TRACE: Traceroute-based Internet Route change Analysis with Ensemble Learning
Pith reviewed 2026-05-15 07:15 UTC · model grok-4.3
The pith
TRACE detects Internet route changes using only traceroute latency measurements through a stacked ensemble machine learning model.
A machine-rendered reading of the paper's core claim, the machinery that carries it, and where it could break.
Core claim
TRACE shows that route changes can be identified by training a stacked ensemble of gradient boosted decision trees on features derived from rolling statistics and context patterns in traceroute latency series, with hyperparameter optimization and threshold calibration to manage class imbalance, yielding higher F1-scores than baseline models.
What carries the argument
Stacked ensemble of Gradient Boosted Decision Trees with a hyperparameter-optimized meta-learner applied to rolling statistics and aggregated context features extracted from traceroute latencies.
If this is right
- Routing instability can be monitored using only active measurements from network endpoints.
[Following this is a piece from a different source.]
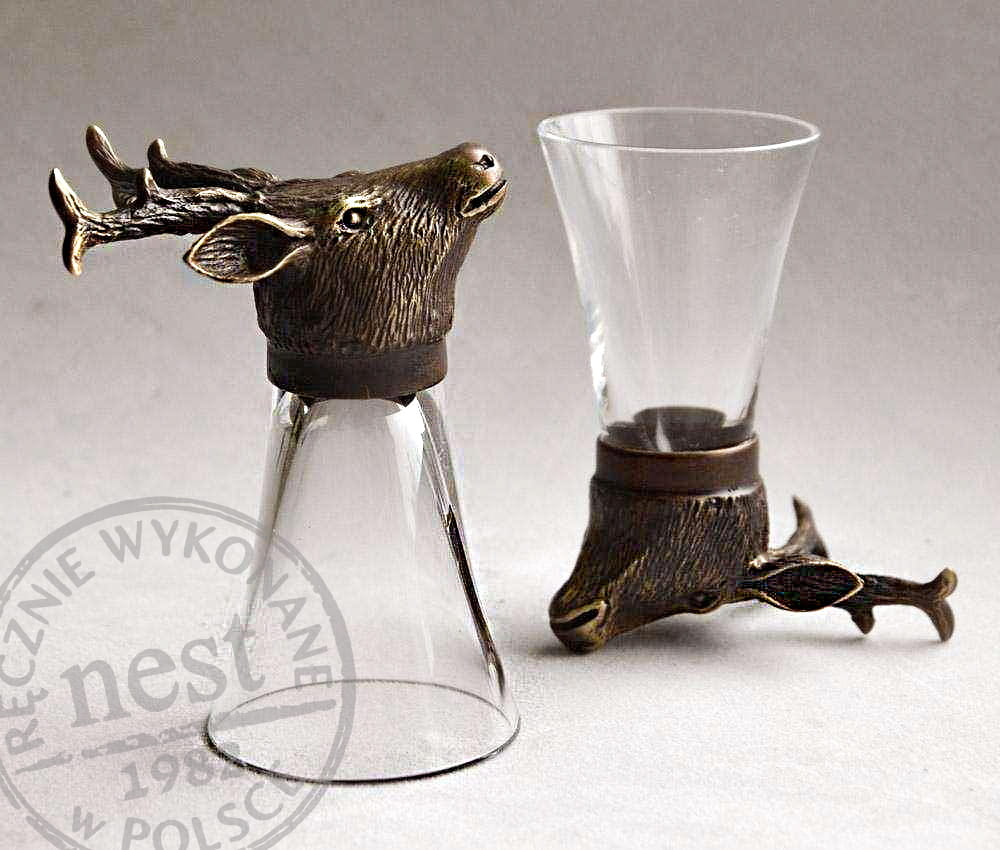 Tradycja myśliwska od lat inspiruje nas do tworzenia pięknych, a jednocześnie użytecznych przedmiotów. Jednym z nich jest kieliszek myśliwski, w którym szkło oprawiliśmy w rzeźbę z brązu w kształcie głowy koziołka. Doskonały do wódki lub nalewek, jest atrakcyjną ozdobą stołu, a podarowany jako prezent - oryginalną myśliwską pamiątką. Wspaniale zaprezentuje się zwłaszcza w towarzystwie naszych kieliszków z głowami innych zwierząt z polskich lasów.

- Rolling statistics and context aggregation capture temporal dynamics relevant to route changes.
- Threshold calibration improves detection of rare routing events in imbalanced data.
- The ensemble approach outperforms standard baseline models on the F1 metric for this task.
Where Pith is reading between the lines
- The method could be integrated into public measurement platforms to generate alerts on observed instability.
- Similar feature engineering might be tested on other latency-based tasks such as outage detection.
- Combining the latency-only signals with occasional control-plane samples could raise accuracy further in hybrid deployments.
Load-bearing premise
That latency variation patterns recorded in traceroutes contain enough information to separate genuine route changes from congestion or measurement noise.
What would settle it
A test set of traceroute traces containing both documented route changes and controlled congestion events, evaluated to measure whether the model produces false positives on the congestion cases.
Figures
read the original abstract
Detecting Internet routing instability is a critical yet challenging task, particularly when relying solely on endpoint active measurements. This study introduces TRACE, a MachineLearning (ML)pipeline designed to identify route changes using only traceroute latency data, thereby ensuring independence from control plane information. We propose a robust feature engineering strategy that captures temporal dynamics using rolling statistics and aggregated context patterns. The architecture leverages a stacked ensemble of Gradient Boosted Decision Trees refined by a hyperparameter-optimized meta-learner. By strictly calibrating decision thresholds to address the inherent class imbalance of rare routing events, TRACE achieves a superior F1-score performance, significantly outperforming traditional baseline models and demonstrating strong effective ness in detecting routing changes on the Internet.
Editorial analysis
A structured set of objections, weighed in public.
Referee Report
Summary. The manuscript introduces TRACE, a machine learning pipeline for detecting Internet route changes solely from traceroute latency measurements. It uses rolling statistics and aggregated context features, a stacked ensemble of gradient boosted decision trees with a hyperparameter-optimized meta-learner, and threshold calibration to handle class imbalance. The central claim is superior F1-score performance over traditional baselines, demonstrating effectiveness in identifying routing changes without control-plane data.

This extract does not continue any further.